Área Temática: DIR CIV - DIR OBG. DIR PROC CIV - PROC EXEC.
Legislação Nacional:
Sumário : I - A caução tem por finalidade garantir de modo especial o cumprimento de uma obrigação, no caso de execução o do pagamento da quantia exequenda e do mais que por essa via for devido, pondo o exequente a coberto da demora do seguimento do processo executivo.
II - Para que seja eficaz há-de ser idónea e suficiente (artigos 623 e seguintes do CCIV).
III - O valor do crédito a garantir e a natureza e o valor dos bens oferecidos em depósito, penhor ou hipoteca, e o da fiança bancária, constituem manifestamente matéria de facto.

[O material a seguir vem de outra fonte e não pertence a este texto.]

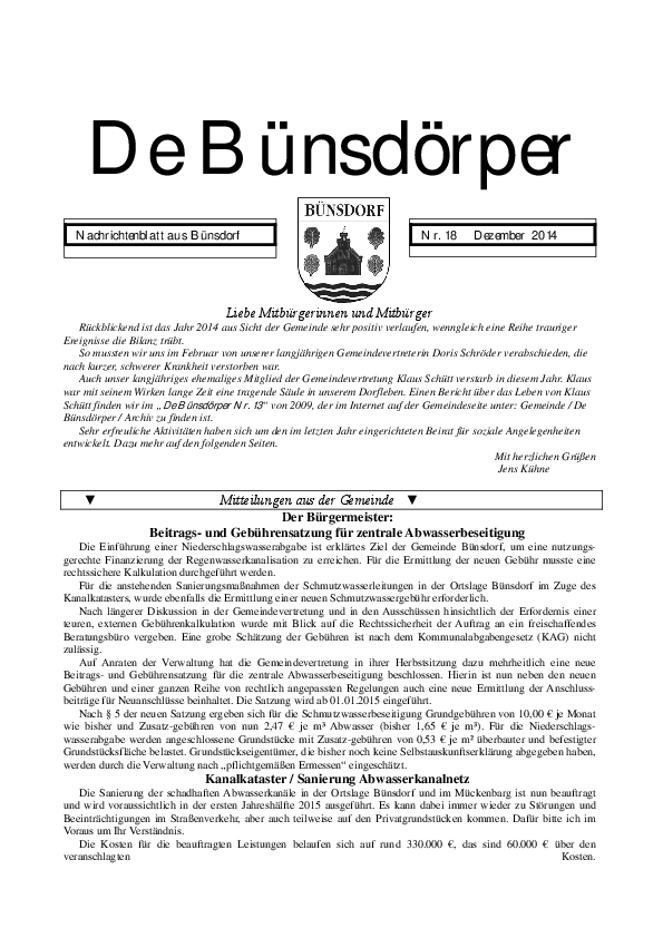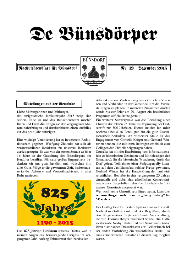 Heute liegt Ihnen nun eine weitere Ausgabe unseres Gemeindeblattes De Bünsdörper vor.
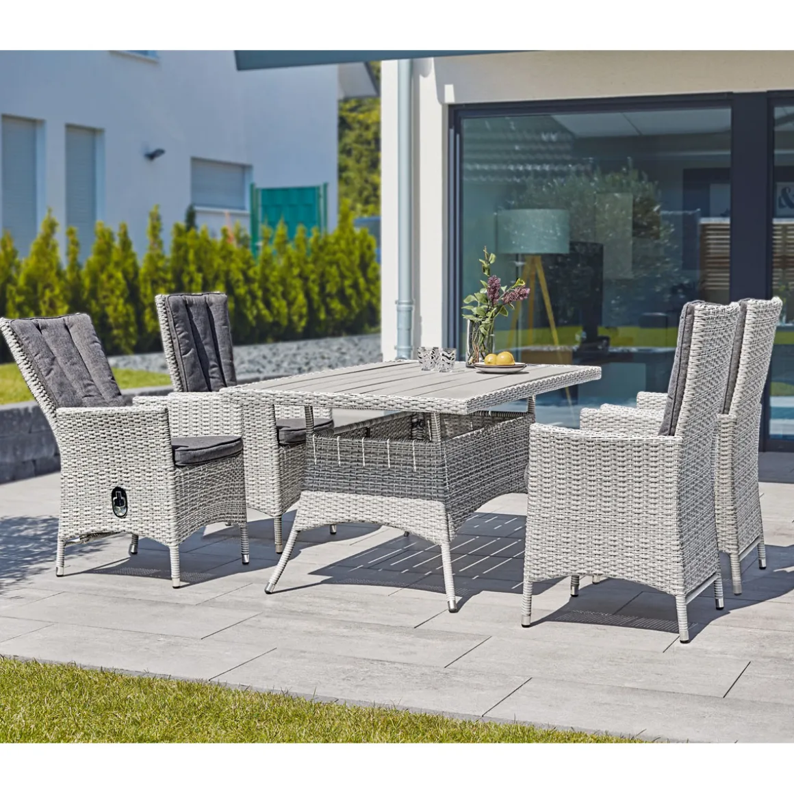Erleben Sie pure Entspannung im Garten oder auf der Terrasse mit dem Haveson Positionssessel Milano in Grau-Meliert. Die verstellbare Rückenlehne und die weichen Auflagen sorgen für maximalen Komfort.

IV - A idoneidade ou propriedade da caução oferecida, por seu turno, constitui matéria de direito.
V - Discordando o recorrente dos valores atribuídos aos bens e ao crédito a garantir, porque a iniciativa e o impulso processual incumbem às partes, compete-lhe pedir que os bens oferecidos sejam sujeitos a avaliação (artigos 302 e 568, do CPC) ou levantar a questão da actualização dos respectivos valores para o momento da discussão (artigos
506 e 663 do mesmo código).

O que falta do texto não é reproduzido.